- Dataset extract -
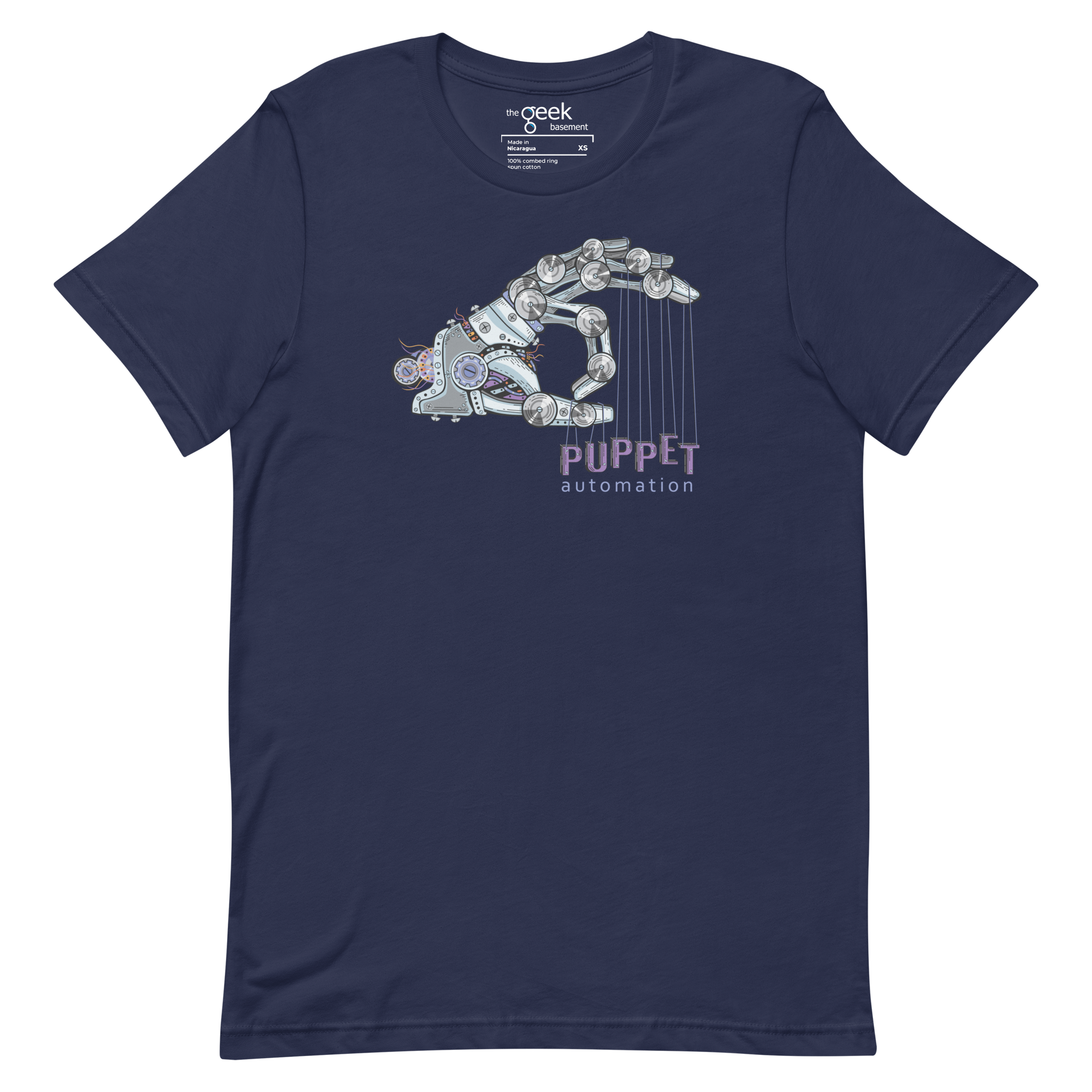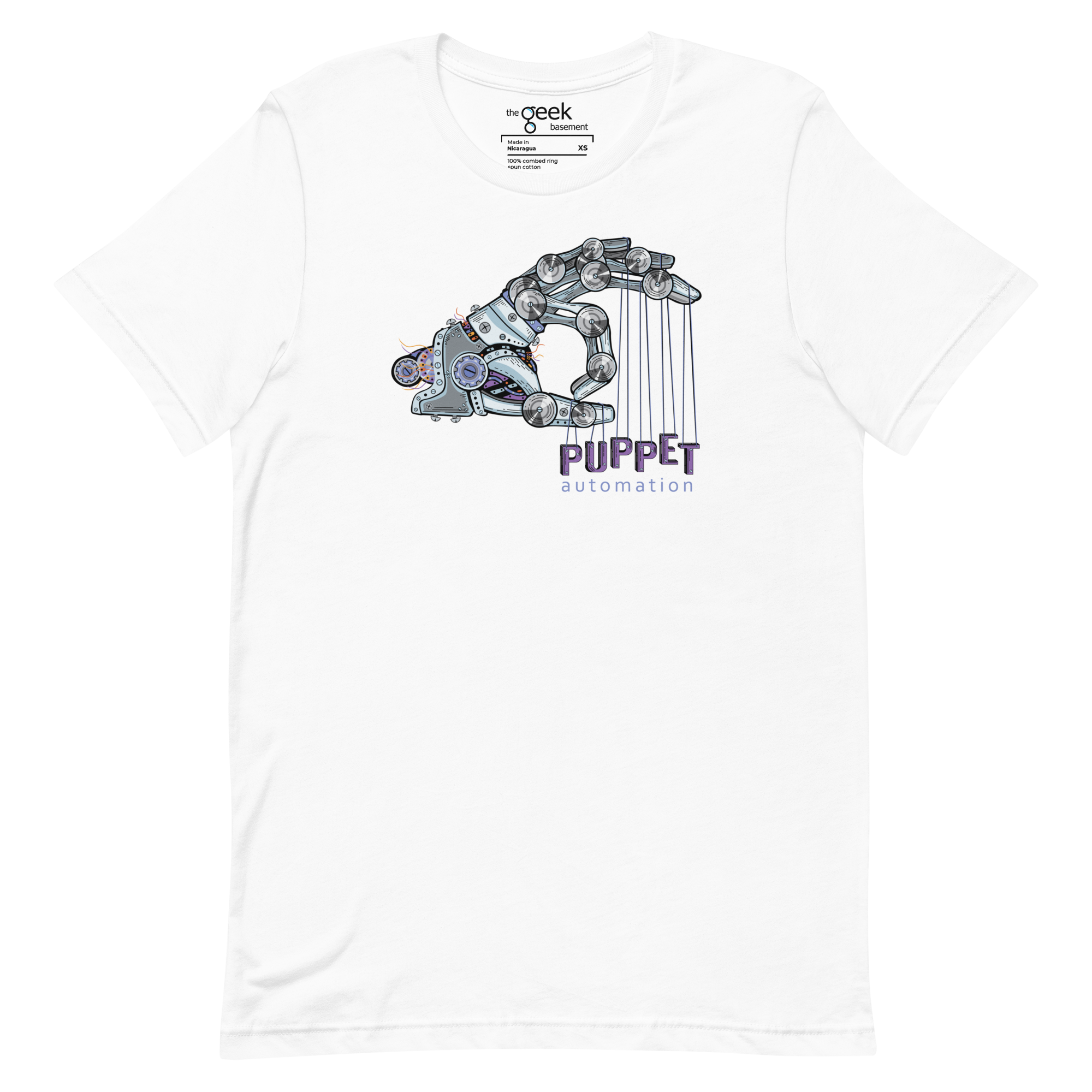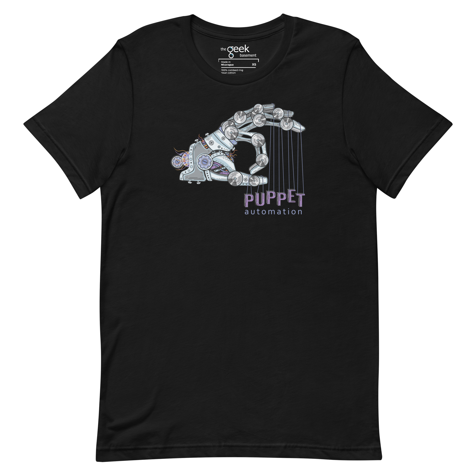 Control the chaos with Puppet. This shirt features a robotic hand holding the word “Puppet” on strings, symbolizing your mastery over automation and infrastructure management. It’s a nod to the precision, power, and control you wield over systems—no more manual labor, just automated perfection.
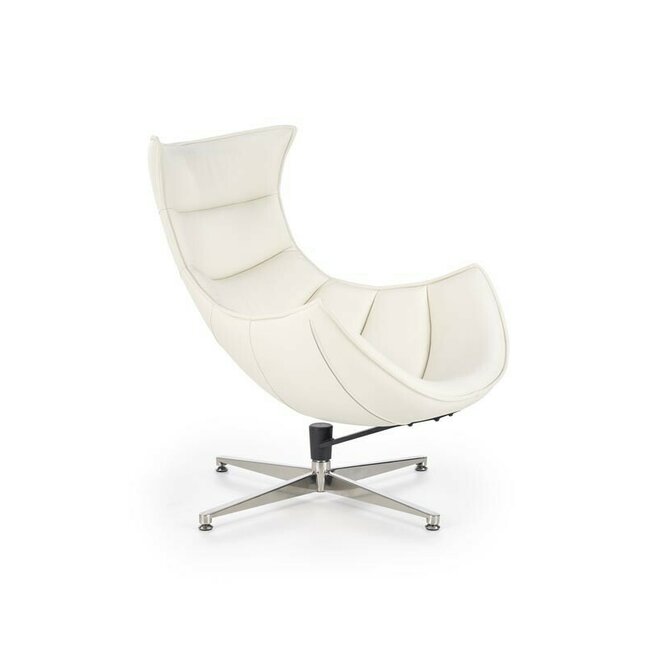 Fotoliu Luxor, spătar ergonomic și design modern, piele și oțel inoxidabil, 86x84x96 cm, alb
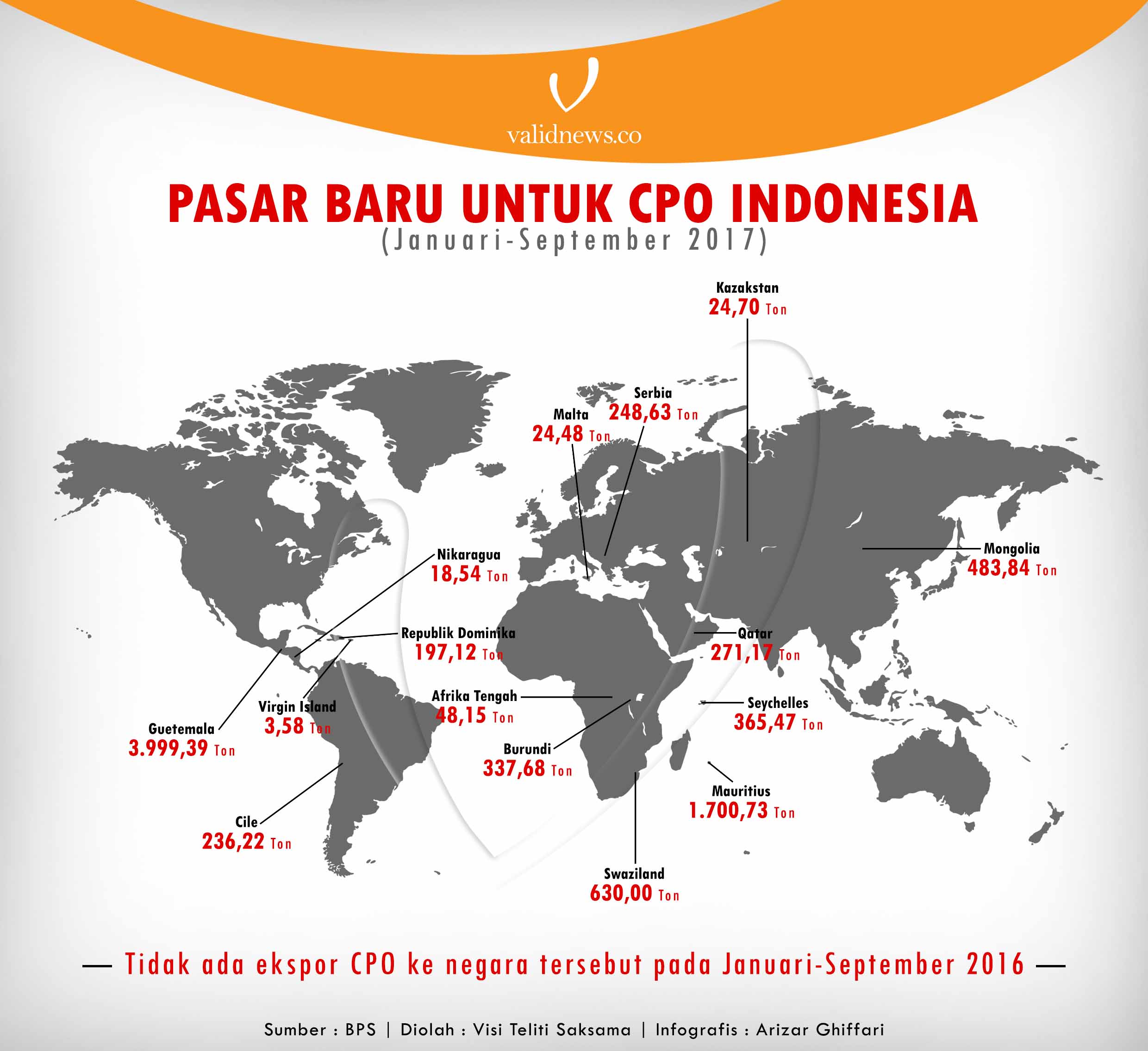 Jika dilihat dari data Statistik Indonesia 2018 oleh BPS, khusus untuk ekspor minyak kelapa sawit Indonesia memang sempat mengalami penurunan di tahun 2016 hingga 13,03% dari tahun sebelumnya yang mencapai 27,67 juta ton. Namun tahun 2017, volume ekspor kembali bergerak positif 4,7 juta ton atau tumbuh 19,55% dari tahun sebelumnya. Ekspor ke India yang melonjak hingga 35,03% jadi salah satu pendongkrak pertumbuhan volume ekspor tahun lalu.
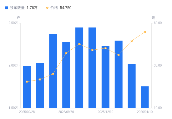 近一年(2025年2月28日至2026年1月10日)◆◁▽,华正新材A股股东户数从1•.99万户…■,减低至1△▷.76万户▷■,降幅11.83%,区间股价上涨99.38%。
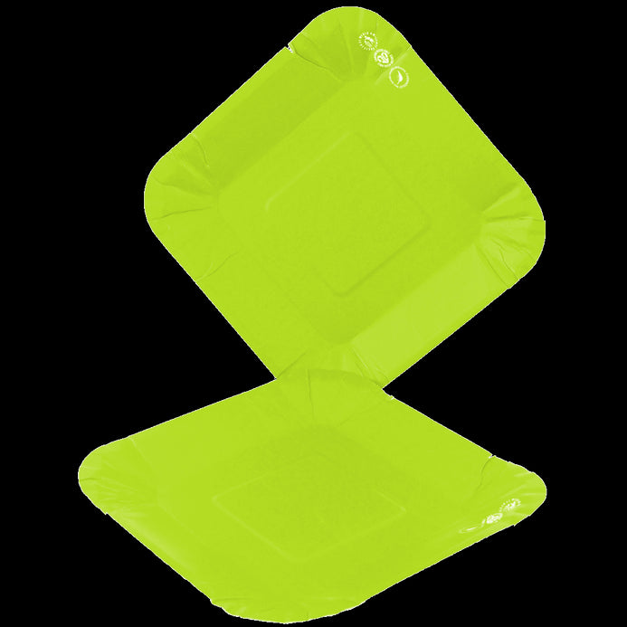 Plato Cartón Cuadrado Neón 6" 8" Verde x12
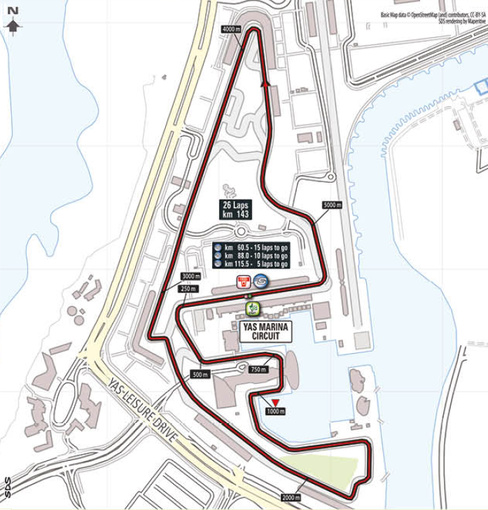 4ª Etapa (Domingo 26 febrero): YAS MARINA – YAS MARINA, «YAS ISLAND STAGE» (143 km). Rutómetro (Zip)

- What is being asked -
Return all the data exactly, and keep the pictures out.

- Problem solution -
 Control the chaos with Puppet. This shirt features a robotic hand holding the word “Puppet” on strings, symbolizing your mastery over automation and infrastructure management. It’s a nod to the precision, power, and control you wield over systems—no more manual labor, just automated perfection.
 Fotoliu Luxor, spătar ergonomic și design modern, piele și oțel inoxidabil, 86x84x96 cm, alb
 Jika dilihat dari data Statistik Indonesia 2018 oleh BPS, khusus untuk ekspor minyak kelapa sawit Indonesia memang sempat mengalami penurunan di tahun 2016 hingga 13,03% dari tahun sebelumnya yang mencapai 27,67 juta ton. Namun tahun 2017, volume ekspor kembali bergerak positif 4,7 juta ton atau tumbuh 19,55% dari tahun sebelumnya. Ekspor ke India yang melonjak hingga 35,03% jadi salah satu pendongkrak pertumbuhan volume ekspor tahun lalu.
 近一年(2025年2月28日至2026年1月10日)◆◁▽,华正新材A股股东户数从1•.99万户…■,减低至1△▷.76万户▷■,降幅11.83%,区间股价上涨99.38%。
 Plato Cartón Cuadrado Neón 6" 8" Verde x12
 4ª Etapa (Domingo 26 febrero): YAS MARINA – YAS MARINA, «YAS ISLAND STAGE» (143 km). Rutómetro (Zip)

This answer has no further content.